Yukihiro Higashi is a Professor at the Research Center for Next Generation Refrigerant Properties (NEXT-RP), International Institute for Carbon-Neutral Energy Research(I2CNER), Kyushu University, Japan. He received his Ph.D. from Keio University, Yokohama, Japan in 1986. Since 1987, he got the position of Assistant Professor at Iwaki Meisei University, Fukushima, Japan. In 2000, he became a Professor at the Iwaki Meisei University and he has been in his current position at Kyushu University since 2016. In 1998, he was a guest researcher of Thermophysical Properties Division, National Institute of Standards and Technology(NIST), Boulder, Colorado, USA. His career in research is focused on thermophysical property measurements of refrigerants and their mixtures, especially the measurement of critical point, PvT properties, vapor-liquid equilibrium and surface tension.

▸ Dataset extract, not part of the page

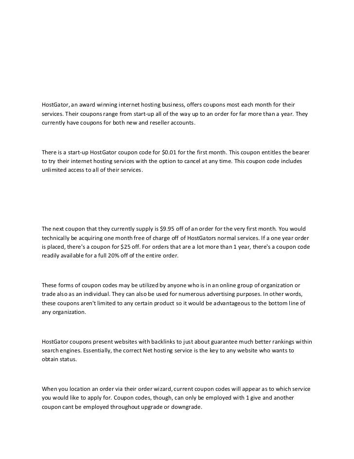HostGator 1 Cent Coupon Code for May 2022 HostGator 1 cent hosting coupon code works for this hosting package too and you can buy it at 1 cent using HostGator coupon codes. Business plan: ... No. Presently there is no Hostgator coupon code which offers 90% discount for longer period like 1 year or 3 years. Usually on Cyber Monday or Black Friday, they offer their biggest deals such as ...

He had been awarded Sadi Carnot Awards by the International Institute of Refrigeration (IIR), Asian Academic Award by JSRAE(Japan), CAR(China), SAREK(Korea) and Best Paper Awards 2009/2010 and 2014/2015 by International Journal of Refrigeration (Elsevier). He has been the member of countless refrigeration and mechanical engineering organizations such as JSRAE, JSME, JSTP and HTSJ. He is currently focusing on research regarding thermophysical property measurements of low Global Warming Potentials (GWPs) refrigerants.

Kyaw Thu

Kyaw Thu is an Associate Professor in the Department of Advanced Environmental Science and Engineering, Faculty of Engineering Sciences, Kyushu University. He completed his Ph.D. degree at the National University of Singapore (NUS) in 2010. His research interest includes heat and mass transfer in processes, adsorption science and technology, HVAC&R systems, thermophysical properties of refrigerants and numerical techniques for process simulation. Currently, he is serving as an Executive Editor of the Evergreen - Joint Journal of Novel Carbon Resource Sciences & Green Asia Strategy. He has published more than 100 peer-reviewed international journal papers and several conference papers. One of his papers has been recognized as one of the most cited articles in the International Journal of Refrigeration (IJR) since 2012.